Proxy type: Transparent proxy anonymous agent obfuscation agent and high stealth proxy. Here are some Python crawlers using the agent knowledge, there is a proxy pool class. It is easy to handle all kinds of complex crawl problems in the work.
Urllib Module Use proxy
Urllib/urllib2 using proxies is cumbersome, you need to build a Proxyhandler class, then use that class to build the class of opener that the Web page opens, and then install the opener in the request.
The proxy format is "http://127.0.0.1:80", if the account password is "http://user:password@127.0.0.1:80".
Proxy= "HTTP://127.0.0.1:80" # Create a Proxyhandler object Proxy_support=urllib.request.proxyhandler ({' http ':p Roxy}) # Create a Opener Object opener = Urllib.request.build_opener (proxy_support) # Load Openerurllib.request.install_opener for request ( Opener) # Open a urlr = Urllib.request.urlopen (' http://youtube.com ', timeout = 500)
Requests module Use Proxy
Requests using proxies is much simpler than urllib ... Here is an example of a single agent. Multiple words can be constructed using the session class.

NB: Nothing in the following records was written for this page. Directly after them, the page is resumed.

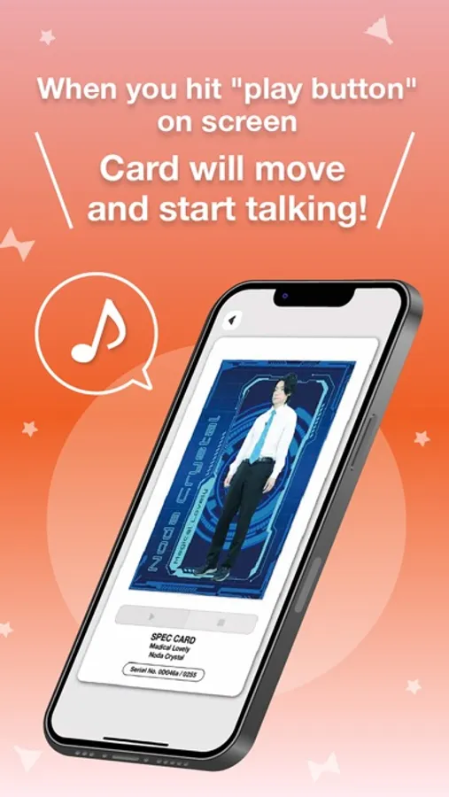 ● Press the play button on the screen and the card will move and start talking! You can enjoy the newly shot videos of the comedians that you can only see here.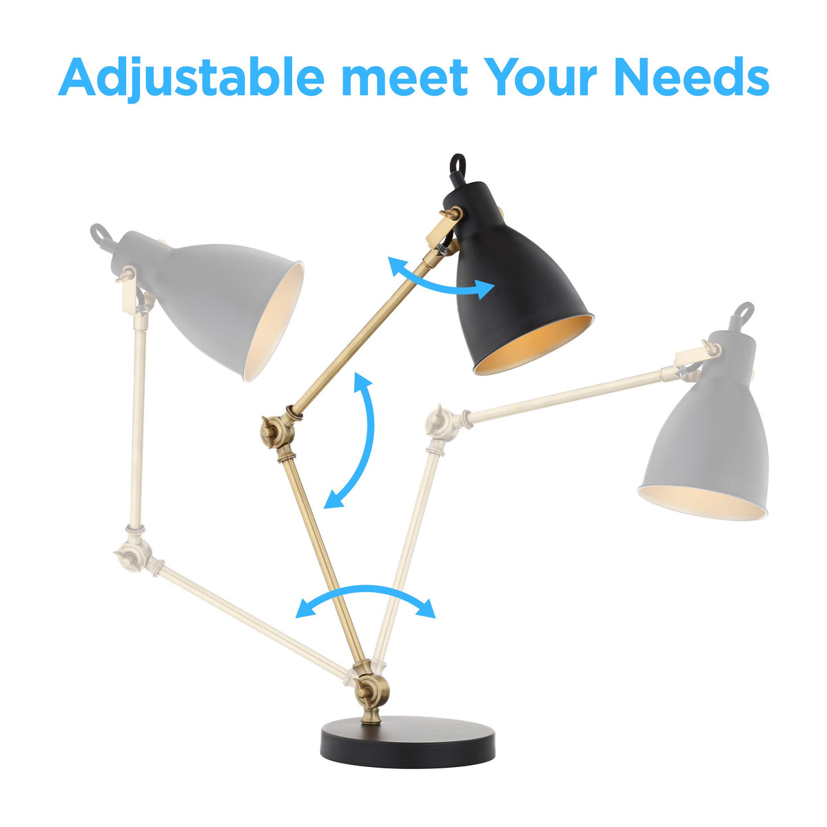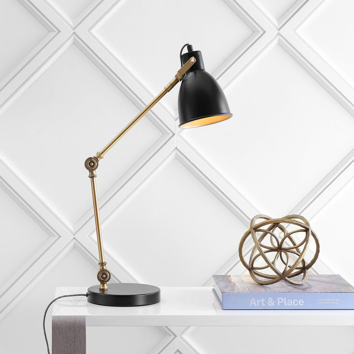 Sleek style and a slender profile add allure to the design of this desk lamp in black and gold. A fresh, polished color combination transforms a classic silhouette into something enticing, combining an iconic shape with luxe finishing touches including brass plating, LED compatibility, and a silk-wrapped cord. This black and antique brass metal desk lamp is right at home in an upscale business or residential work space.
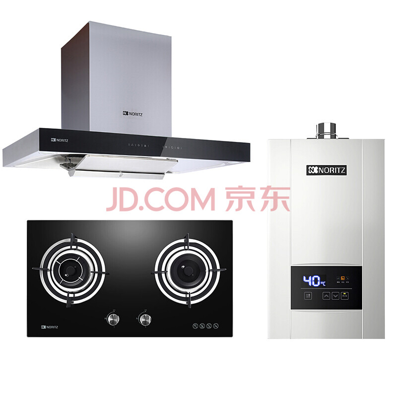 能率(NORITZ) 欧式 大吸力吸油烟机燃气灶 13升热水器套装 CXW-220-A1686+JZT-1881G+13E3FEX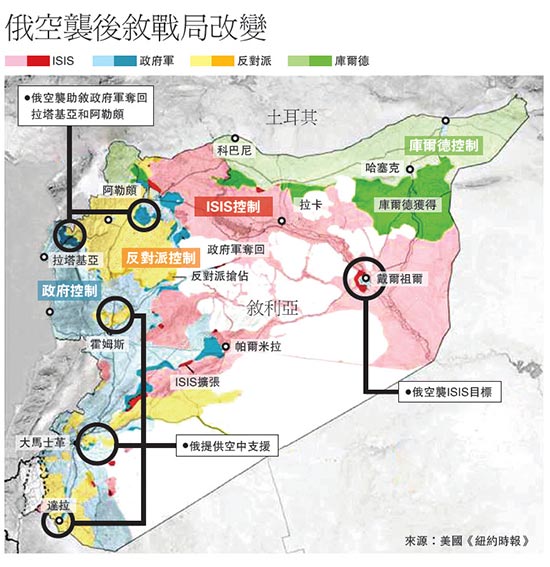 时光回溯到去年九月底,当时的叙利亚战场远不是今天这样。叙政府军在与西方支持的反对派武装较量中明显处于下风,ISIS等恐怖组织攻势凌厉,首都大马士革岌岌可危活动,巴沙尔政权风雨飘摇,随时可能被推翻。在此生死关头,俄派兵增援,战局迅速得以扭转。从俄军出现在叙利亚战场伊始,西方就预见到,推翻巴沙尔政权的目标已不可能实现,叙利亚问题的任何解决方案,都必须考虑普京亲自出面站台的巴沙尔政府。

If you need to use a proxy, you can configure a single request by providing the proxies parameter for any request method:
Import requestsproxies = { "http": "http://127.0.0.1:3128", "https": "http://127.0.0.1:2080",}r= Requests.get ("http://youtube.com", proxies=proxies) print R.text
You can also configure proxies with environment variables http_proxy and Https_proxy.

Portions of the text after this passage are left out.